EXERCISE GOAL: Exclude the pictures and reproduce the remaining data exactly as written.

━━━ AVAILABLE DATA

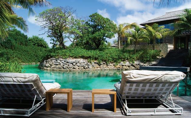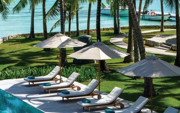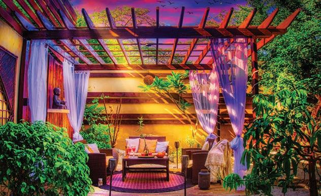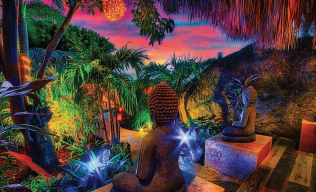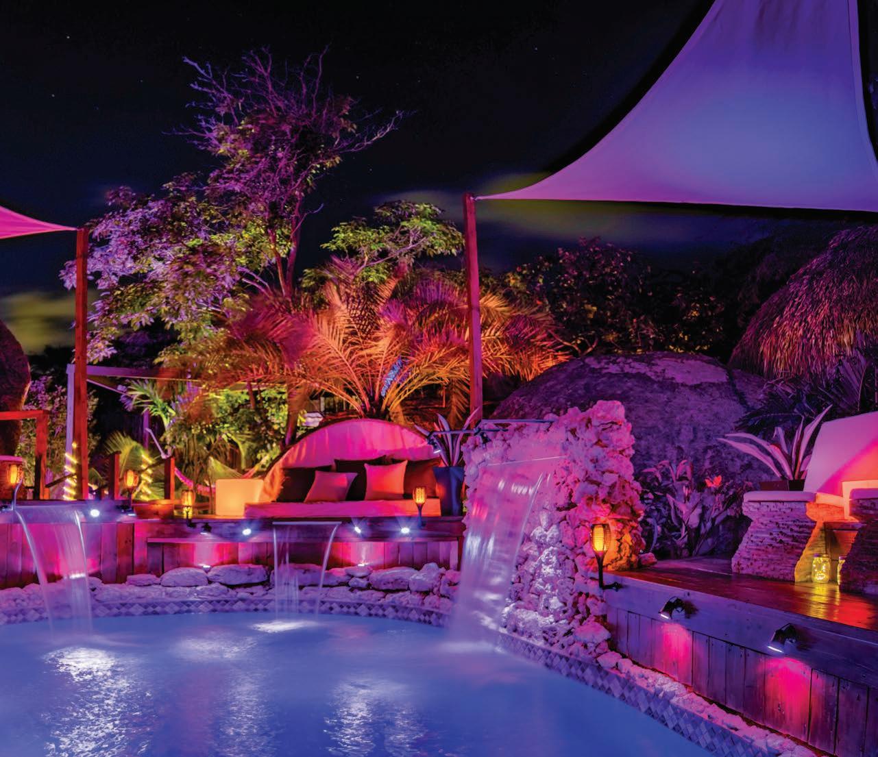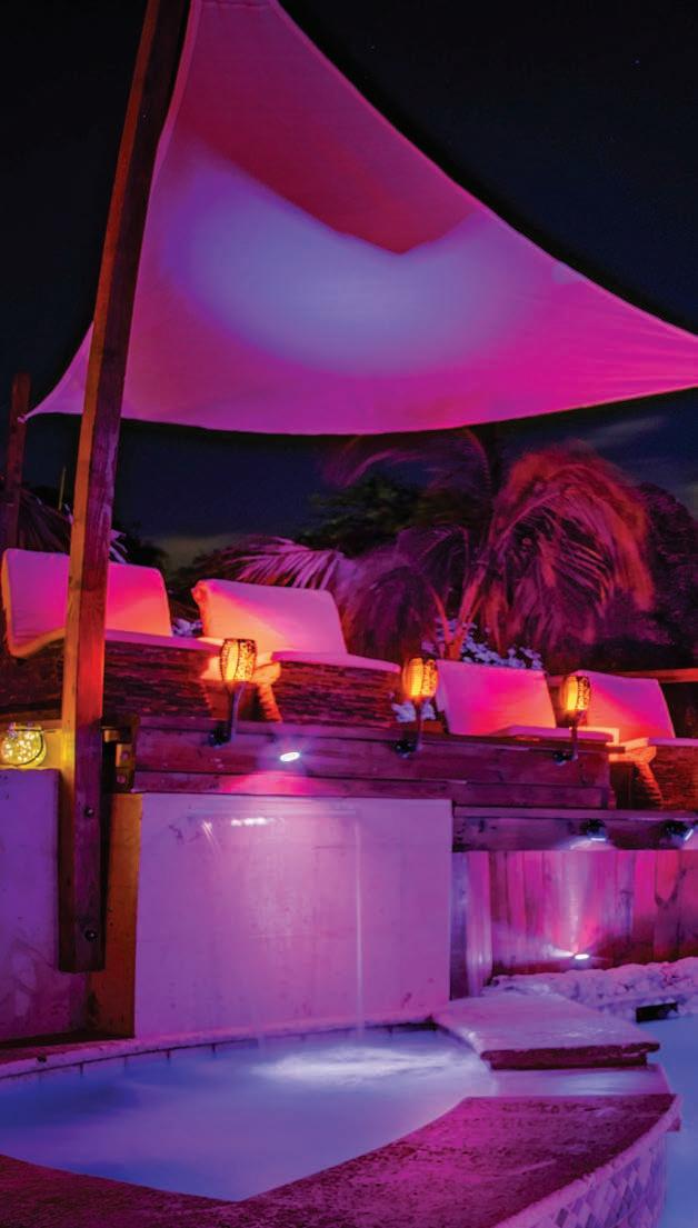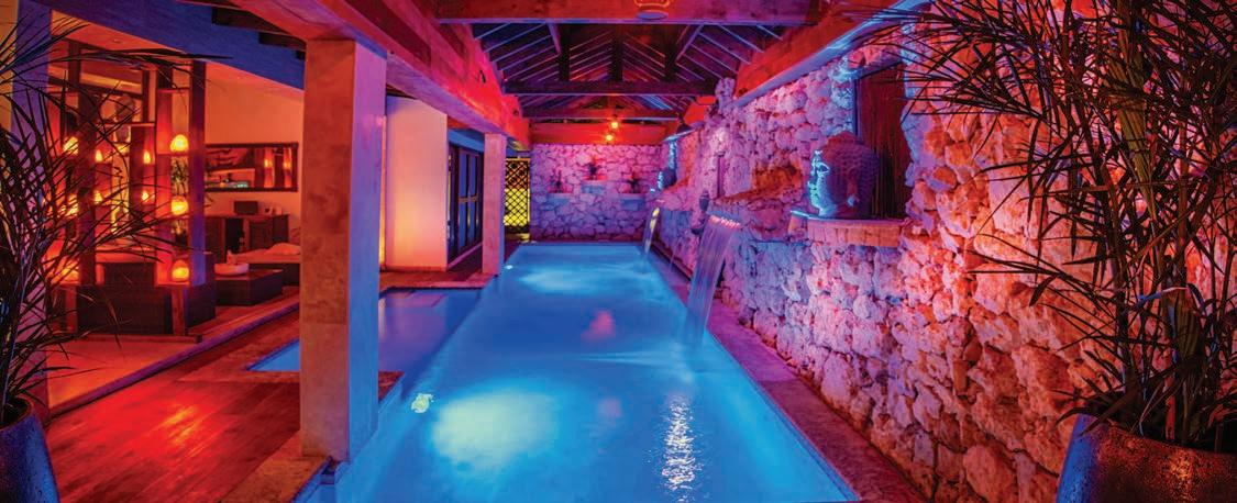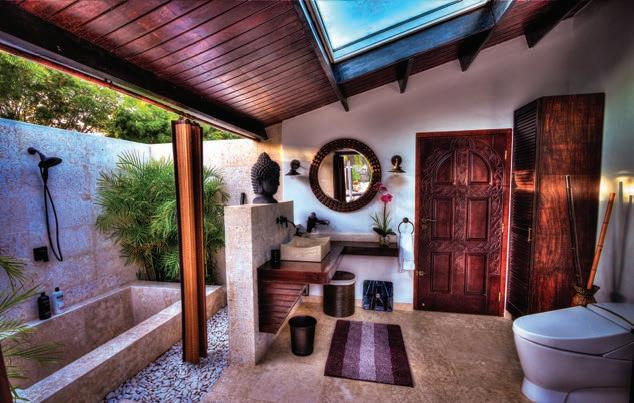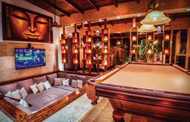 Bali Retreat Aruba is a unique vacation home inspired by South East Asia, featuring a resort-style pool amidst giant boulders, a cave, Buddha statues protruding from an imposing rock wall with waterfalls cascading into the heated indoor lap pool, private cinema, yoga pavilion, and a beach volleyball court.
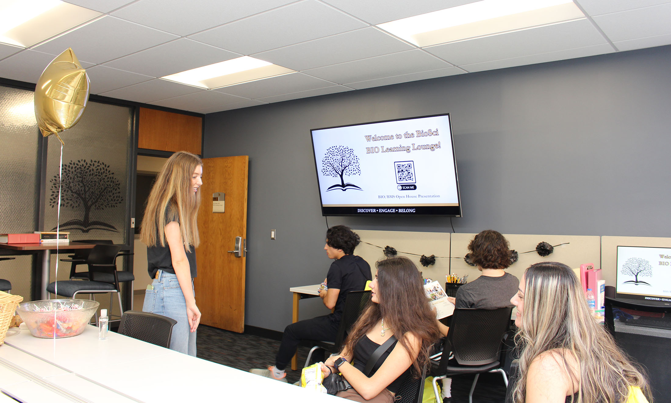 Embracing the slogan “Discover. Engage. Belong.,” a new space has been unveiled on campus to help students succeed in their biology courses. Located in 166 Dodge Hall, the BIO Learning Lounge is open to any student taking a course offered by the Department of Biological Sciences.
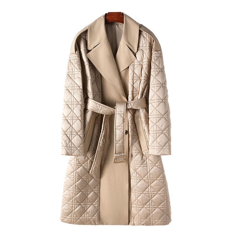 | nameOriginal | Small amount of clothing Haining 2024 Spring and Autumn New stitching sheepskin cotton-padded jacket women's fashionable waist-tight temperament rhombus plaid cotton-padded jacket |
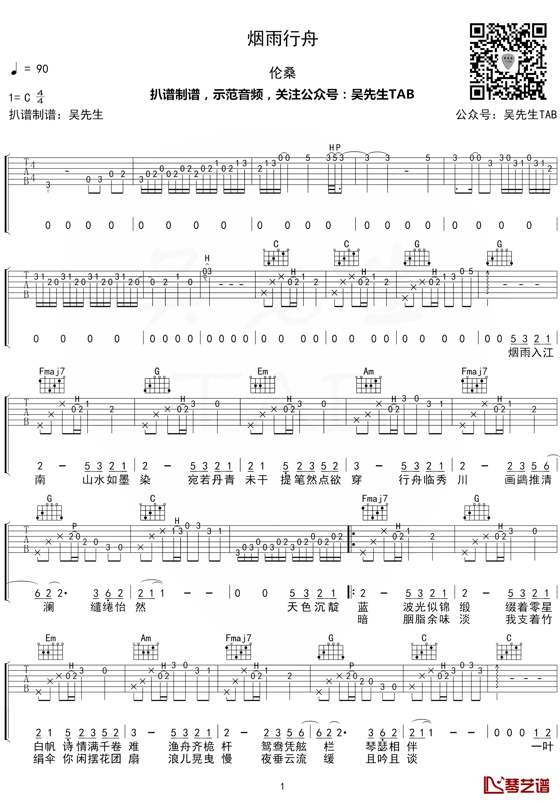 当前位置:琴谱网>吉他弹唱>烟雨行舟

━━━━━━

EXERCISE RESPONSE:
 Bali Retreat Aruba is a unique vacation home inspired by South East Asia, featuring a resort-style pool amidst giant boulders, a cave, Buddha statues protruding from an imposing rock wall with waterfalls cascading into the heated indoor lap pool, private cinema, yoga pavilion, and a beach volleyball court.
 Embracing the slogan “Discover. Engage. Belong.,” a new space has been unveiled on campus to help students succeed in their biology courses. Located in 166 Dodge Hall, the BIO Learning Lounge is open to any student taking a course offered by the Department of Biological Sciences.
 | nameOriginal | Small amount of clothing Haining 2024 Spring and Autumn New stitching sheepskin cotton-padded jacket women's fashionable waist-tight temperament rhombus plaid cotton-padded jacket |
 当前位置:琴谱网>吉他弹唱>烟雨行舟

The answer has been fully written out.